- What is being asked
Starting at the line that holds "RW13 1946 Federal", quote every line through the end of the records, both boundary lines included. Omit the pictures.

- Information
=== Begin Enclosure ===
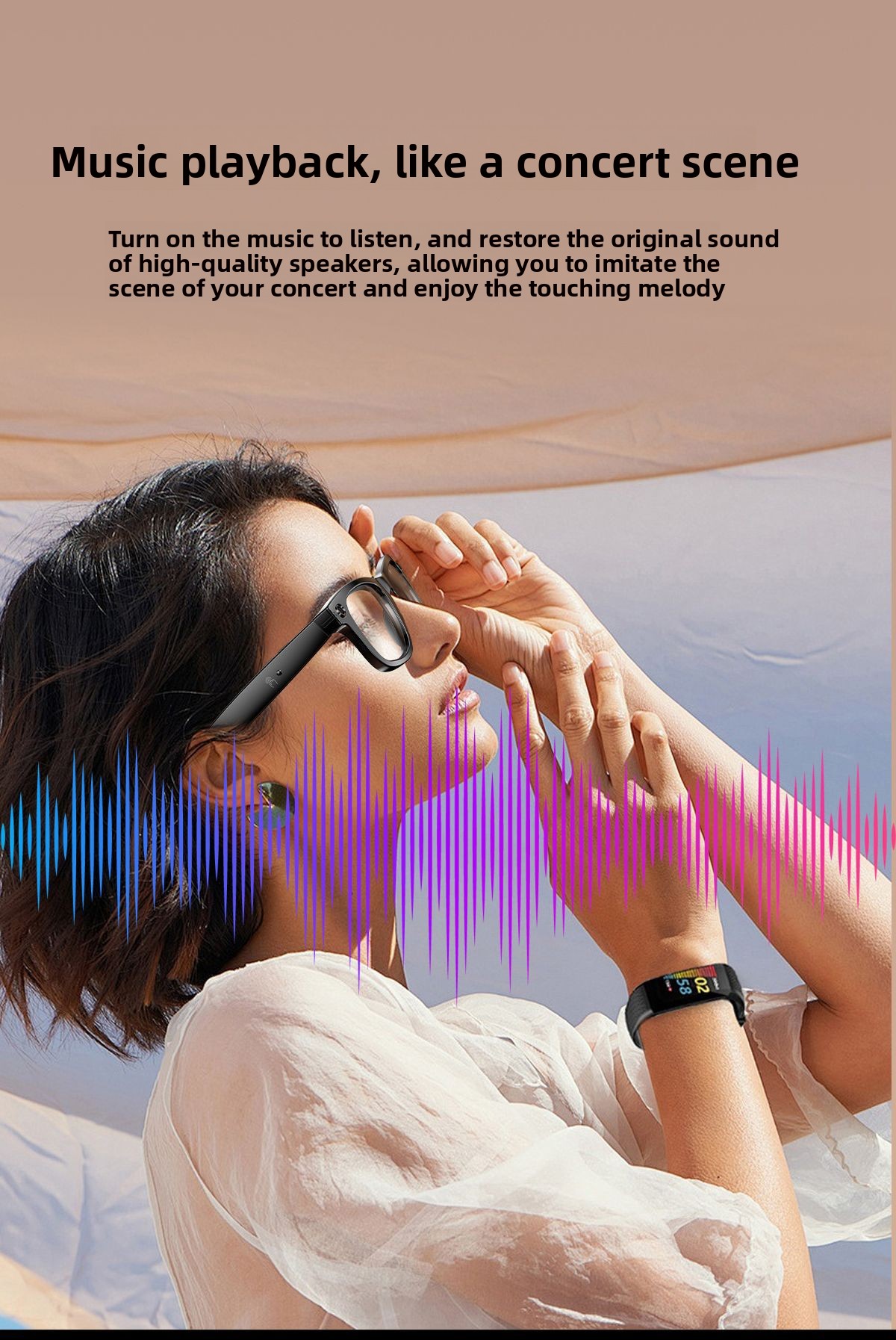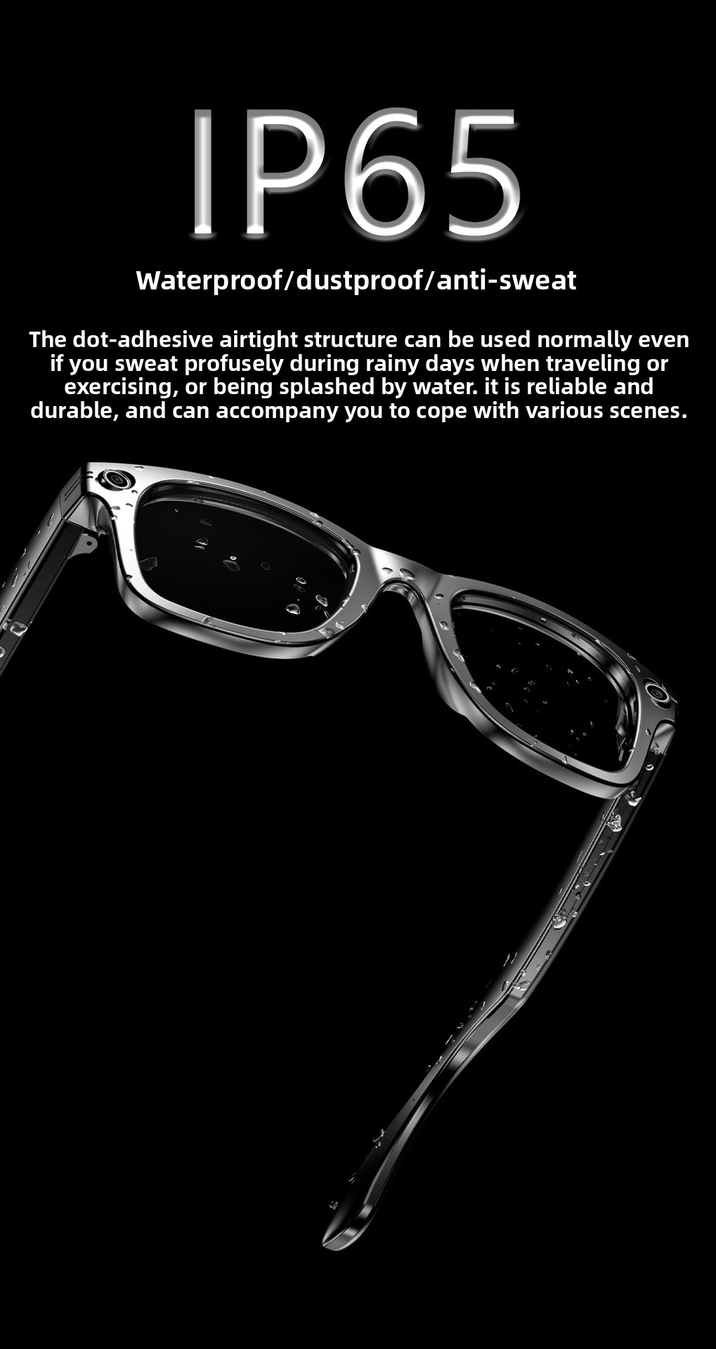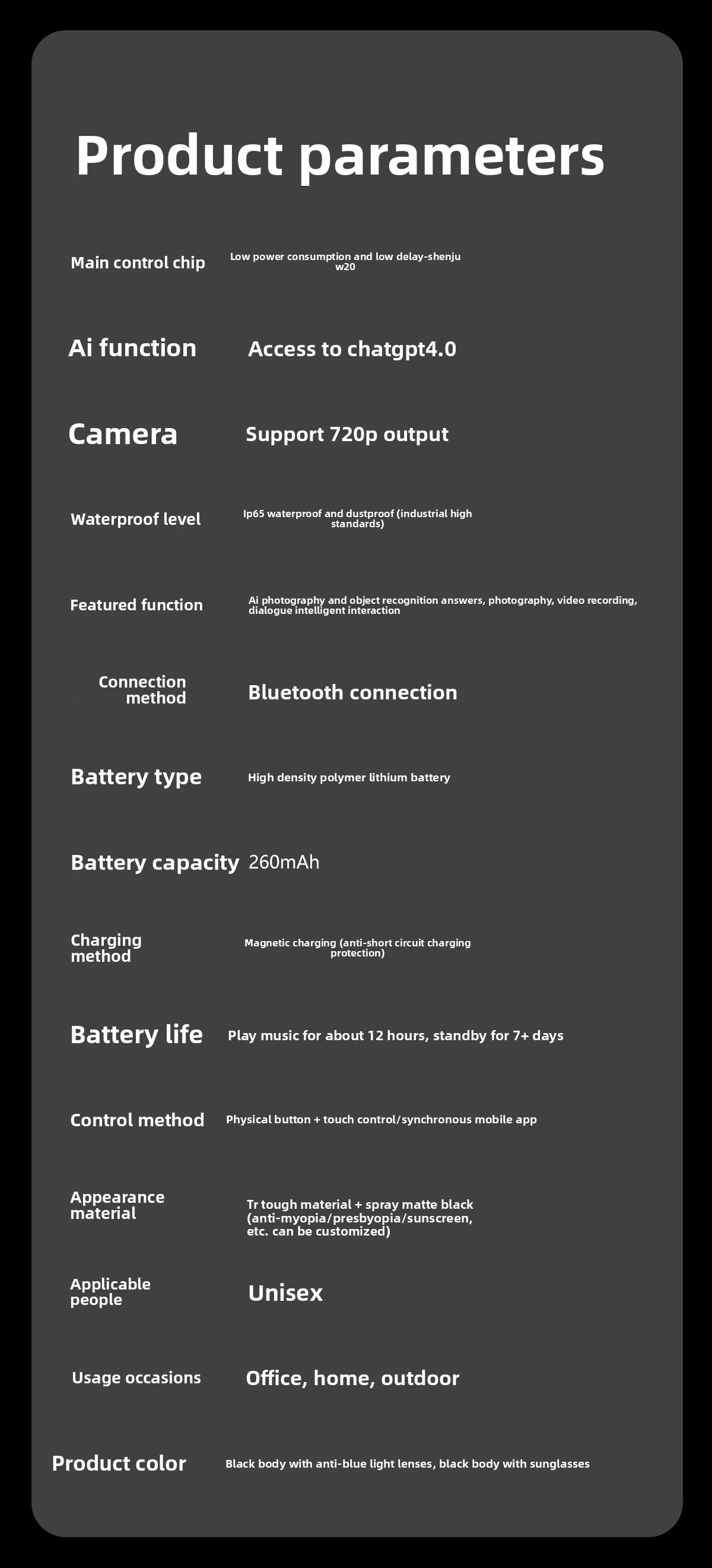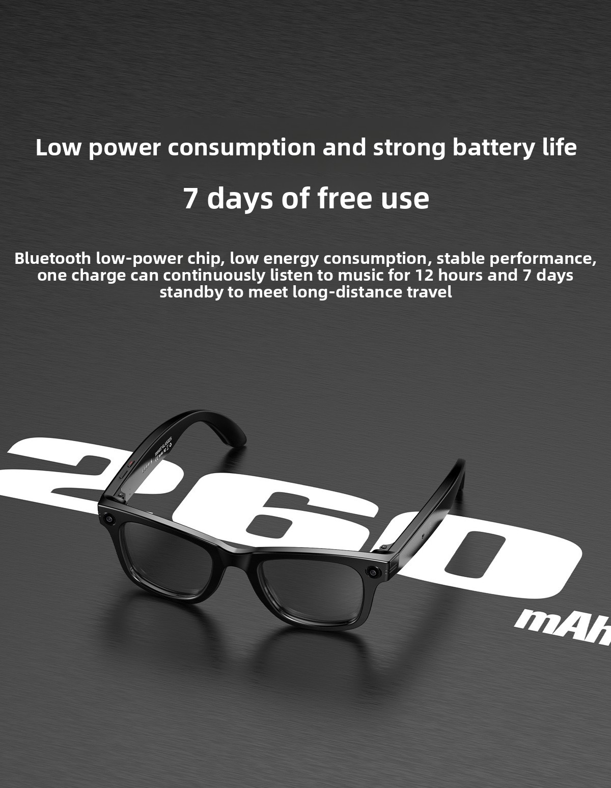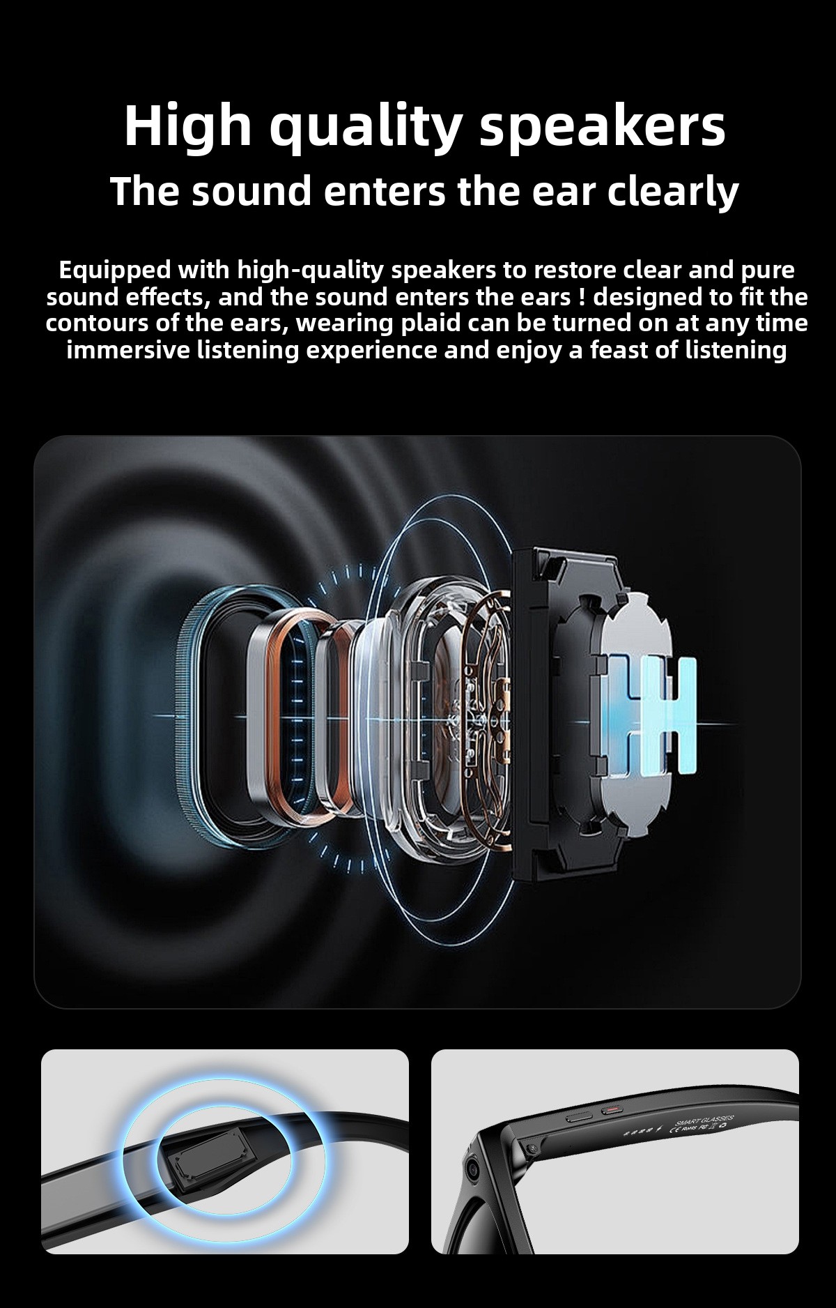 AI Smart Glasses: Features AI photo recognition, image translation, photography, video recording, and voice recording.
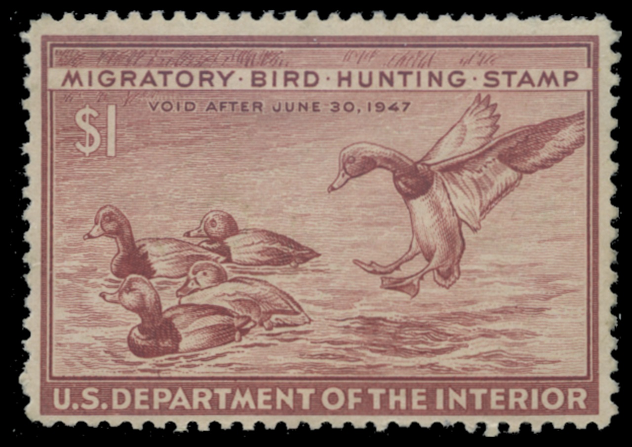 RW13 1946 Federal Duck Stamp. Mint Lightly Hinged. Fine - Very Fine. Redhead Ducks by Robert W. Hines.
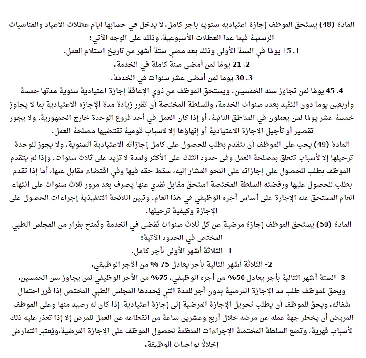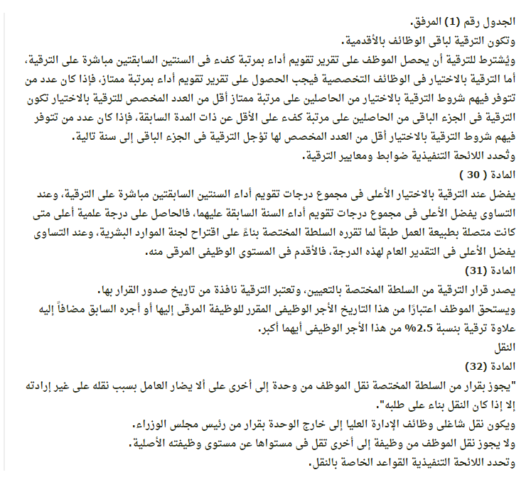 ننشر قانون الخدمة المدنية الجديد كاملأً " الاجازات - الاجور والعلاوات - الترقيات - انتهاء الخدمة " لجميع العاملين بالدولة
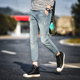 九分牛仔裤男士春季薄款复古破洞九分裤青少年小脚裤修身9分裤潮
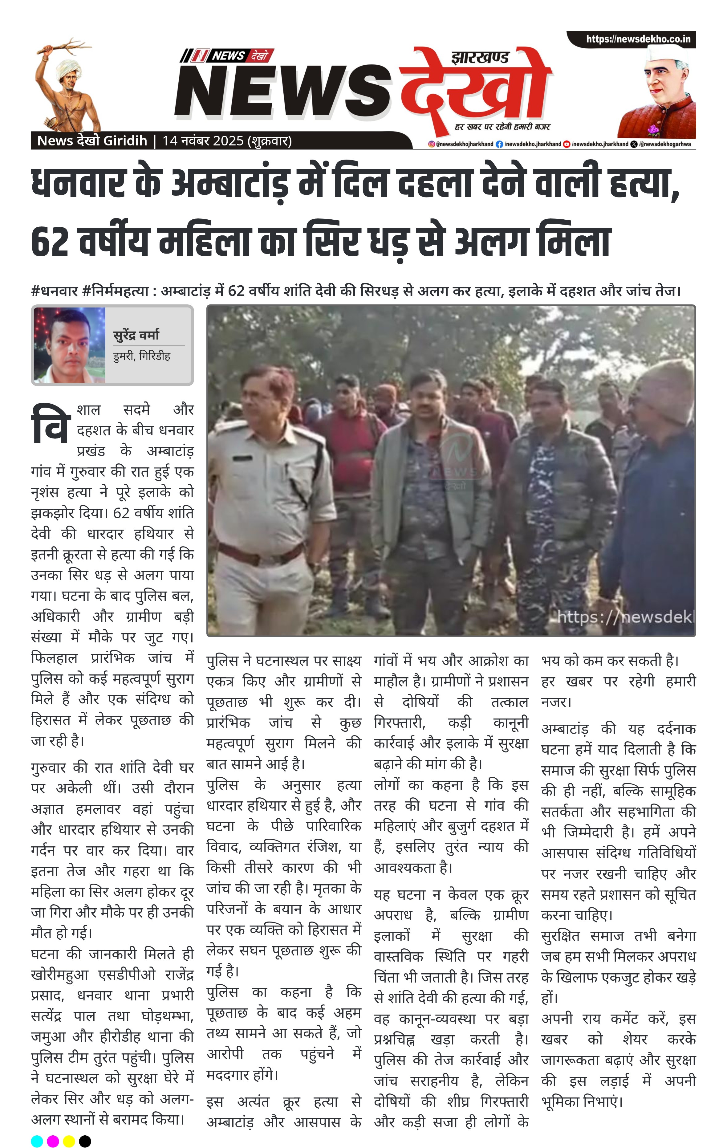#धनवार #निर्ममहत्या : अम्बाटांड़ में 62 वर्षीय शांति देवी की सिरधड़ से अलग कर हत्या, इलाके में दहशत और जांच तेज।
=== End Enclosure ===
- Result of this task
 RW13 1946 Federal Duck Stamp. Mint Lightly Hinged. Fine - Very Fine. Redhead Ducks by Robert W. Hines.
 ننشر قانون الخدمة المدنية الجديد كاملأً " الاجازات - الاجور والعلاوات - الترقيات - انتهاء الخدمة " لجميع العاملين بالدولة
 九分牛仔裤男士春季薄款复古破洞九分裤青少年小脚裤修身9分裤潮
#धनवार #निर्ममहत्या : अम्बाटांड़ में 62 वर्षीय शांति देवी की सिरधड़ से अलग कर हत्या, इलाके में दहशत और जांच तेज।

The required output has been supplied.